▶ Aim of the task:
Write out the records that appear below, verbatim and complete, but without pictures.

[Records from a data collection]
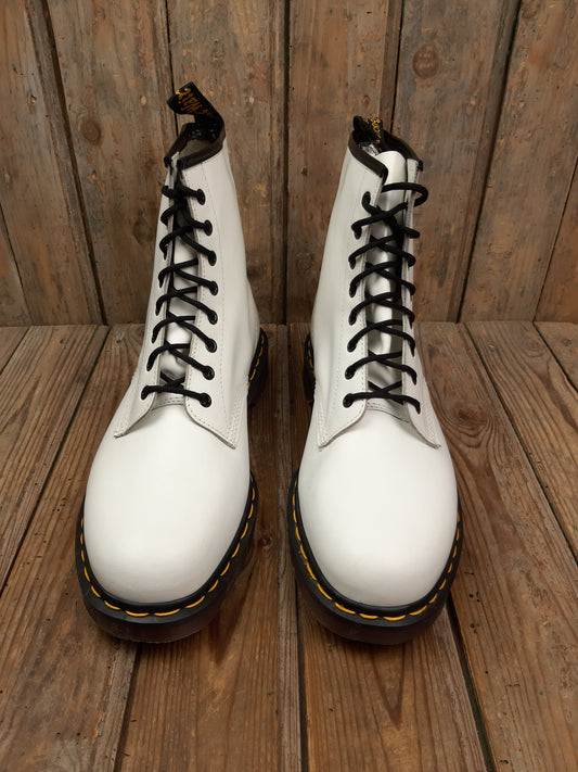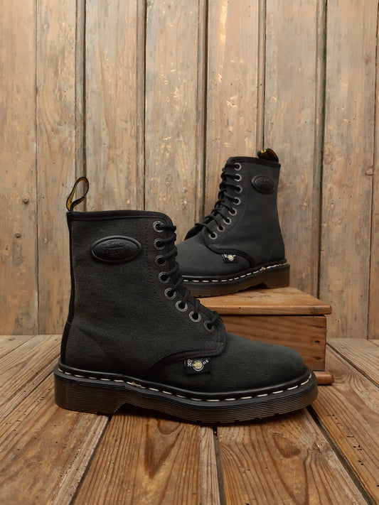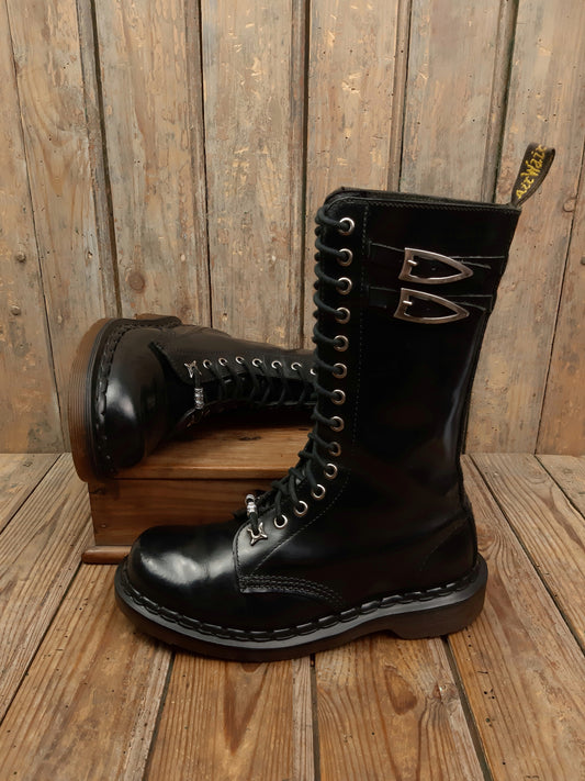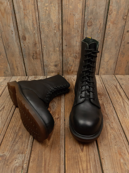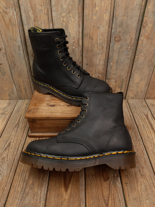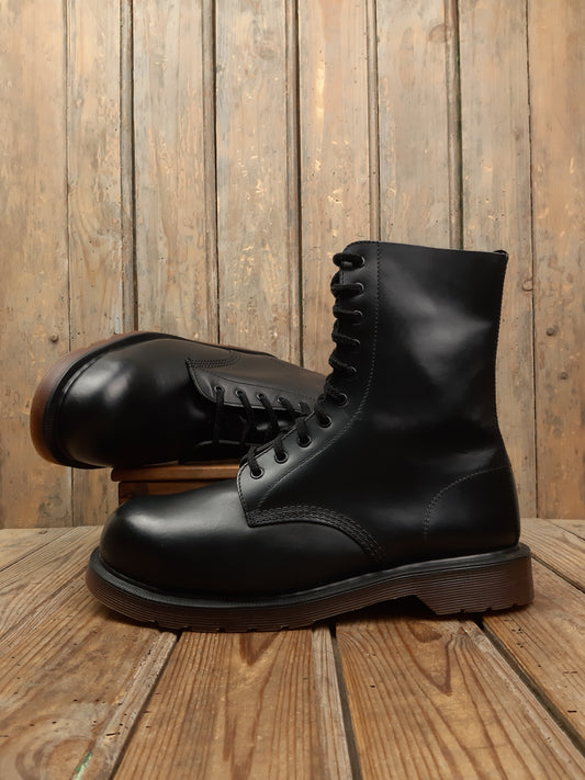 • Bottes Dr. Martens d'occasion Vintage cuir smooth noir Steel Toe coquées ancienne Collectors 41 Made in England MIE
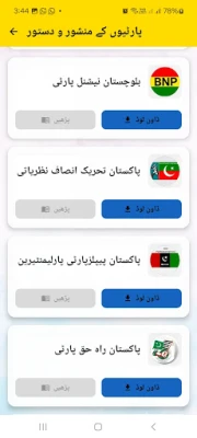 الیکشن کمیشن آف پاکستان میں باضابطہ طور پر رجسٹرڈ تمام سیاسی جماعتیں اپنے قیام، سرگرمیوں اور مقاصد کی تفصیلی وضاحت آئین کی صورت میں پیش کرنے کی پابند ہیں۔ یہ دستاویزا ت ان کے نظریات اور عملی طریقوں کا عکاس ہوتے ہیں۔ جہاں یہ پارٹیاں اپنا منشور اور آئین عوام کے سامنے رکھتی ہیں، وہیں ان تک رسائی اکثر پیچیدہ ہوسکتی ہے۔ ہماری ایپ اس مشکل کو ختم کرتے ہوئے، آپ کو پاکستان بھر کی سینکڑوں سیاسی پارٹیوں کے مصدقہ آئین اور دستور کو ایک ہی مرکزی مقام پر آسانی سے دیکھنے اور پڑھنے کی سہولت فراہم کرتی ہے۔
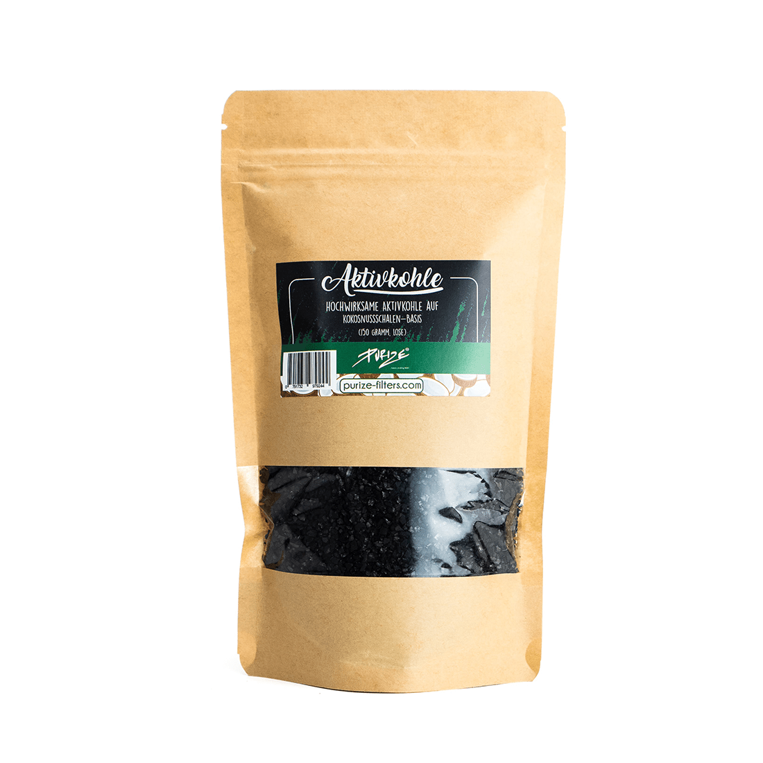 • PURIZE® active charcoal based on coconut, bulk packed in a 150 g stand-up pouch, perfect for filling active carbon adapters or other smoking accessories.
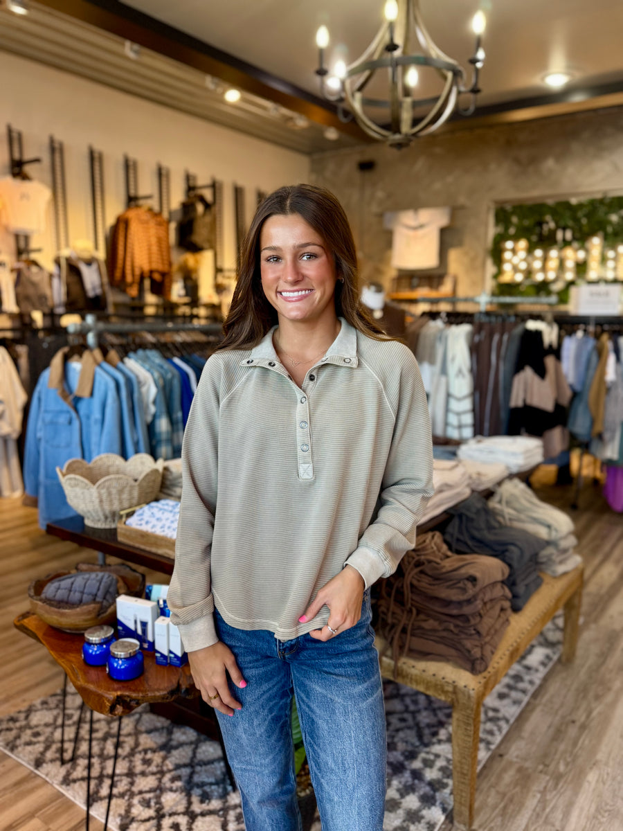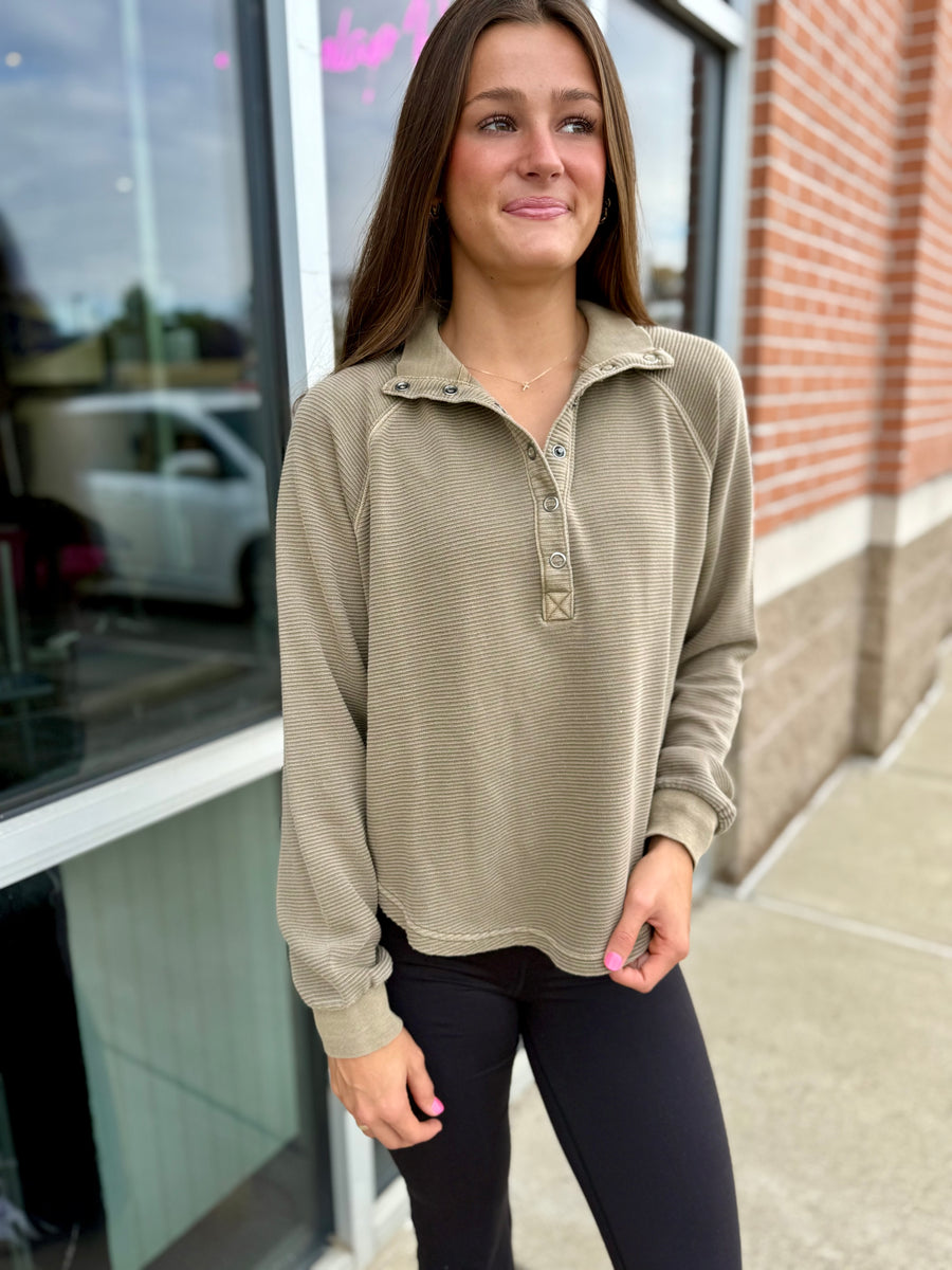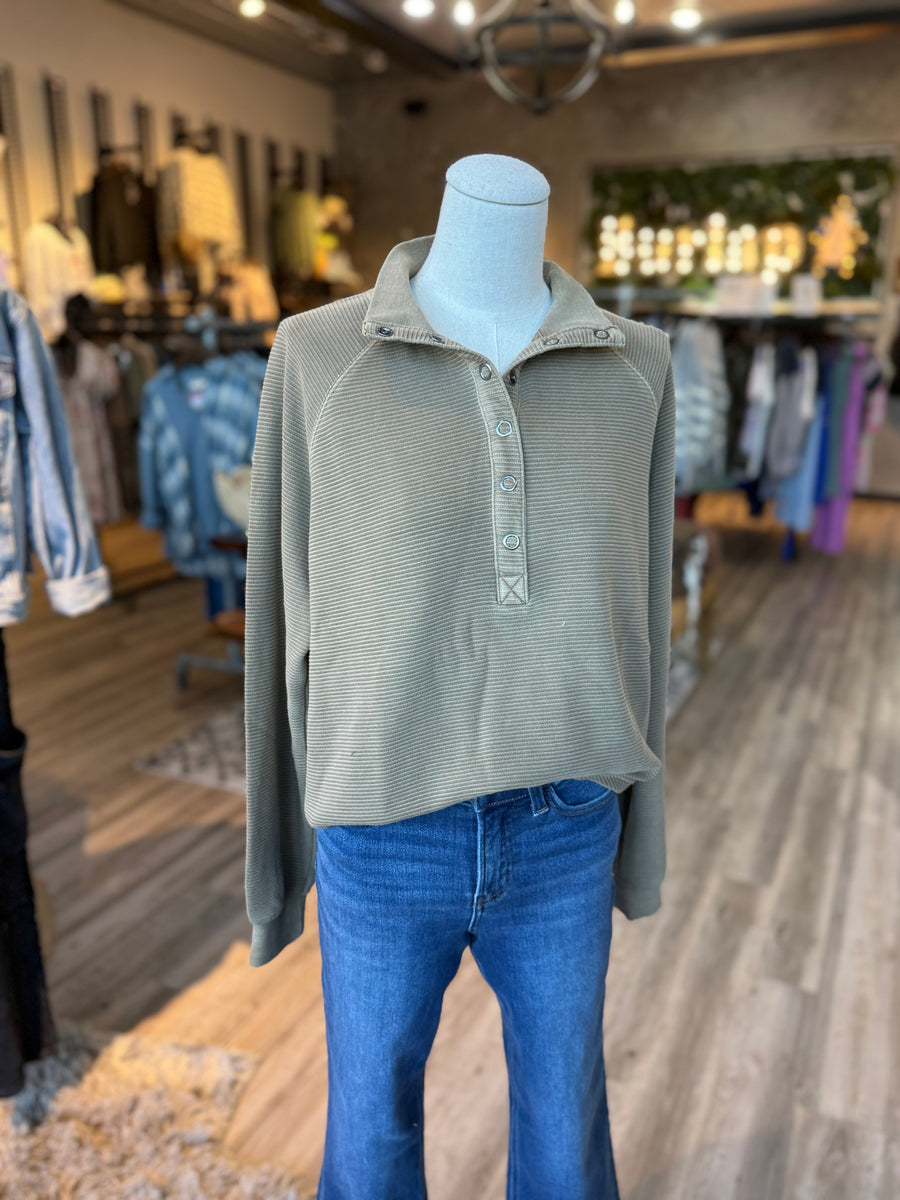 This ribbed Henley pullover offers easy snap buttons and a comfortable fit. A must-have staple for any wardrobe.
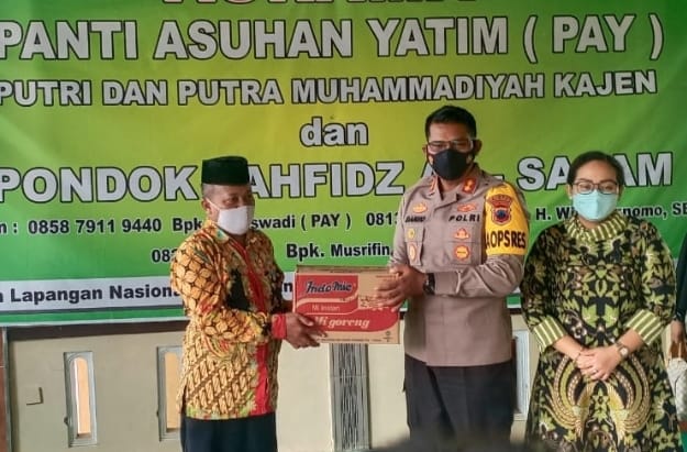 SIBERONE.COM - Momen keakraban tercipta saat Kapolres Pekalongan AKBP Darno, S.H., S.I.K., bersama Pejabat Utama (PJU) Polres menyambangi Panti Asuhan Yatim Muhammadiyah Kelurahan Kajen Kecamatan Kajen Kabupaten Pekalongan. Tidak hanya memberikan bantuan berupa uang, nasi kotak, makanan ringan dan sembako, Kapolres Pekalongan juga memberi motivasi dan edukasi terhadap anak-anak penghuni panti asuhan tersebut.
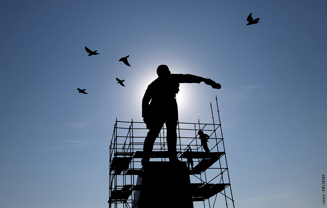 Подготовка памятника Владимиру Ленину в Санкт-Петербурге к реставрации
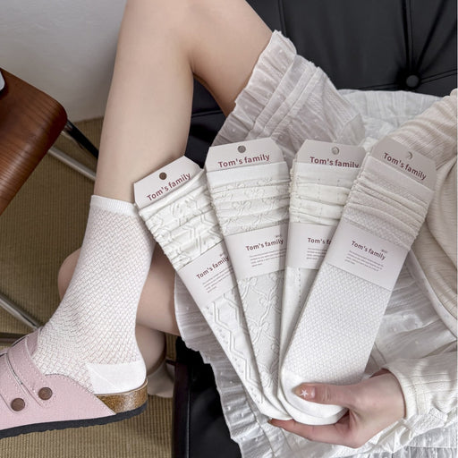 Wholesale Thin mesh breathable boneless stacking socks with three-dimensional letters, college style socks
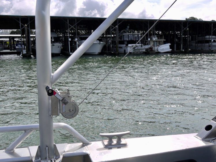 Lake Pend Oreille, ID: The US Army Corps of Engineers selected this 24’ Packcat for maintenance operations at Albeni Falls Dam, the site of a natural waterfall. Outfitting includes 5” tow post with 12V powered tow line reel with 150 feet of 5/8” synthetic floating line, engine guard, push knees, cargo deck tie down pockets and 3” pipe davit with 12V Powerwinch. Navigation electronics include a Garmin 8610xsv touchscreen plotter/sounder and marine VHF. A retractable bimini top covers the cargo deck. Twin Mercury 200’s provide plenty of power for pushing and towing operations.
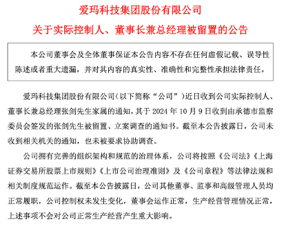 10月10日晚间,爱玛科技(603529.SH)公告,公司近日收到实际控制人、董事长兼总经理张剑家属的通知,其于10月9日收到由承德市监察委员会签发的张剑被留置、立案调查的通知书。截至公告披露日,公司未收到相关机关的通知,也未被要求协助调查。
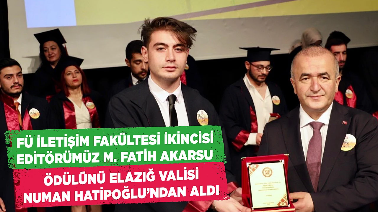 Fırat Üniversitesinde her yıl geleneksel olarak düzenlenen Derece Ödülleri Töreni, bu yıl da büyük bir coşku ve gururla gerçekleştirildi. Fırat Üniversitesi İletişim Fakültesi'ni ikincilikle bitiren haber editörümüz M. Fatih Akarsu ödülünü Elazığ Valisi Numan Hatipoğlu'nun elinden aldı.
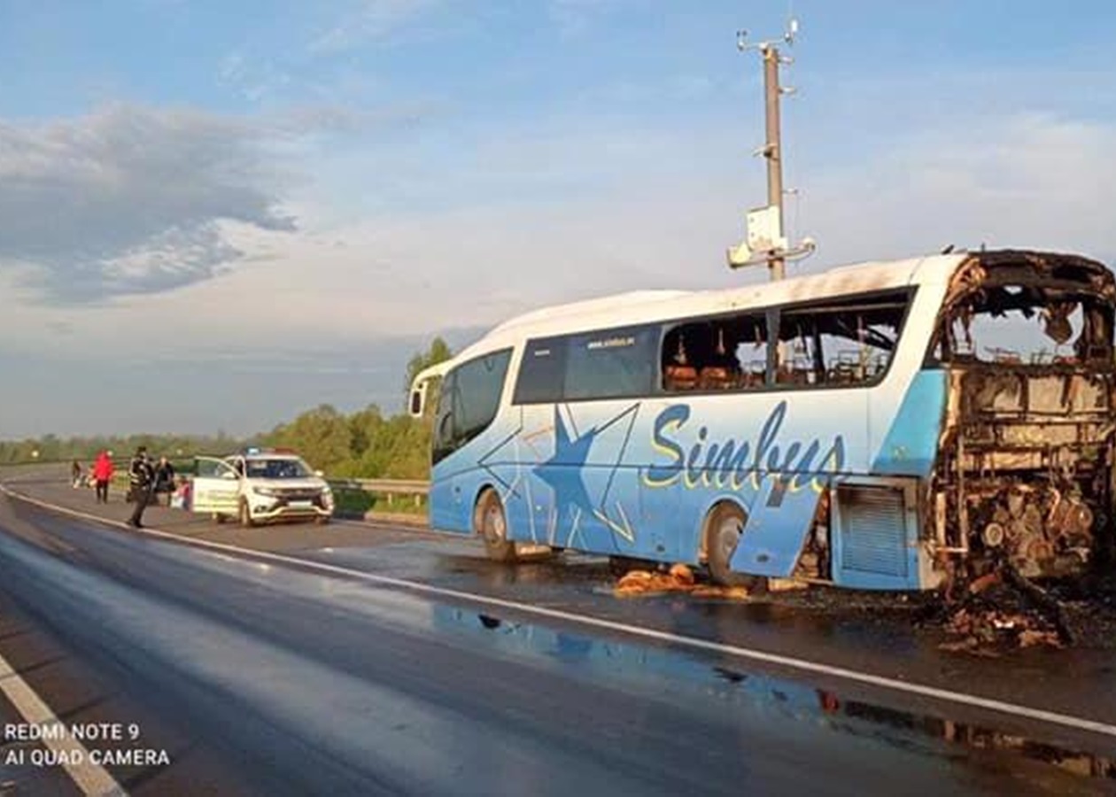 У Львівській області вранці 16 травня посеред дороги майже повністю згорів двоярусний рейсовий автобус Mersedes IRIZAR. На щастя, в інциденті ніхто не постраждав.

▶ Output:
 • Bottes Dr. Martens d'occasion Vintage cuir smooth noir Steel Toe coquées ancienne Collectors 41 Made in England MIE
 الیکشن کمیشن آف پاکستان میں باضابطہ طور پر رجسٹرڈ تمام سیاسی جماعتیں اپنے قیام، سرگرمیوں اور مقاصد کی تفصیلی وضاحت آئین کی صورت میں پیش کرنے کی پابند ہیں۔ یہ دستاویزا ت ان کے نظریات اور عملی طریقوں کا عکاس ہوتے ہیں۔ جہاں یہ پارٹیاں اپنا منشور اور آئین عوام کے سامنے رکھتی ہیں، وہیں ان تک رسائی اکثر پیچیدہ ہوسکتی ہے۔ ہماری ایپ اس مشکل کو ختم کرتے ہوئے، آپ کو پاکستان بھر کی سینکڑوں سیاسی پارٹیوں کے مصدقہ آئین اور دستور کو ایک ہی مرکزی مقام پر آسانی سے دیکھنے اور پڑھنے کی سہولت فراہم کرتی ہے۔
 • PURIZE® active charcoal based on coconut, bulk packed in a 150 g stand-up pouch, perfect for filling active carbon adapters or other smoking accessories.
 This ribbed Henley pullover offers easy snap buttons and a comfortable fit. A must-have staple for any wardrobe.
 SIBERONE.COM - Momen keakraban tercipta saat Kapolres Pekalongan AKBP Darno, S.H., S.I.K., bersama Pejabat Utama (PJU) Polres menyambangi Panti Asuhan Yatim Muhammadiyah Kelurahan Kajen Kecamatan Kajen Kabupaten Pekalongan. Tidak hanya memberikan bantuan berupa uang, nasi kotak, makanan ringan dan sembako, Kapolres Pekalongan juga memberi motivasi dan edukasi terhadap anak-anak penghuni panti asuhan tersebut.
 Подготовка памятника Владимиру Ленину в Санкт-Петербурге к реставрации
 Wholesale Thin mesh breathable boneless stacking socks with three-dimensional letters, college style socks
 Lake Pend Oreille, ID: The US Army Corps of Engineers selected this 24’ Packcat for maintenance operations at Albeni Falls Dam, the site of a natural waterfall. Outfitting includes 5” tow post with 12V powered tow line reel with 150 feet of 5/8” synthetic floating line, engine guard, push knees, cargo deck tie down pockets and 3” pipe davit with 12V Powerwinch. Navigation electronics include a Garmin 8610xsv touchscreen plotter/sounder and marine VHF. A retractable bimini top covers the cargo deck. Twin Mercury 200’s provide plenty of power for pushing and towing operations.
 10月10日晚间,爱玛科技(603529.SH)公告,公司近日收到实际控制人、董事长兼总经理张剑家属的通知,其于10月9日收到由承德市监察委员会签发的张剑被留置、立案调查的通知书。截至公告披露日,公司未收到相关机关的通知,也未被要求协助调查。
 Fırat Üniversitesinde her yıl geleneksel olarak düzenlenen Derece Ödülleri Töreni, bu yıl da büyük bir coşku ve gururla gerçekleştirildi. Fırat Üniversitesi İletişim Fakültesi'ni ikincilikle bitiren haber editörümüz M. Fatih Akarsu ödülünü Elazığ Valisi Numan Hatipoğlu'nun elinden aldı.
 У Львівській області вранці 16 травня посеред дороги майже повністю згорів двоярусний рейсовий автобус Mersedes IRIZAR. На щастя, в інциденті ніхто не постраждав.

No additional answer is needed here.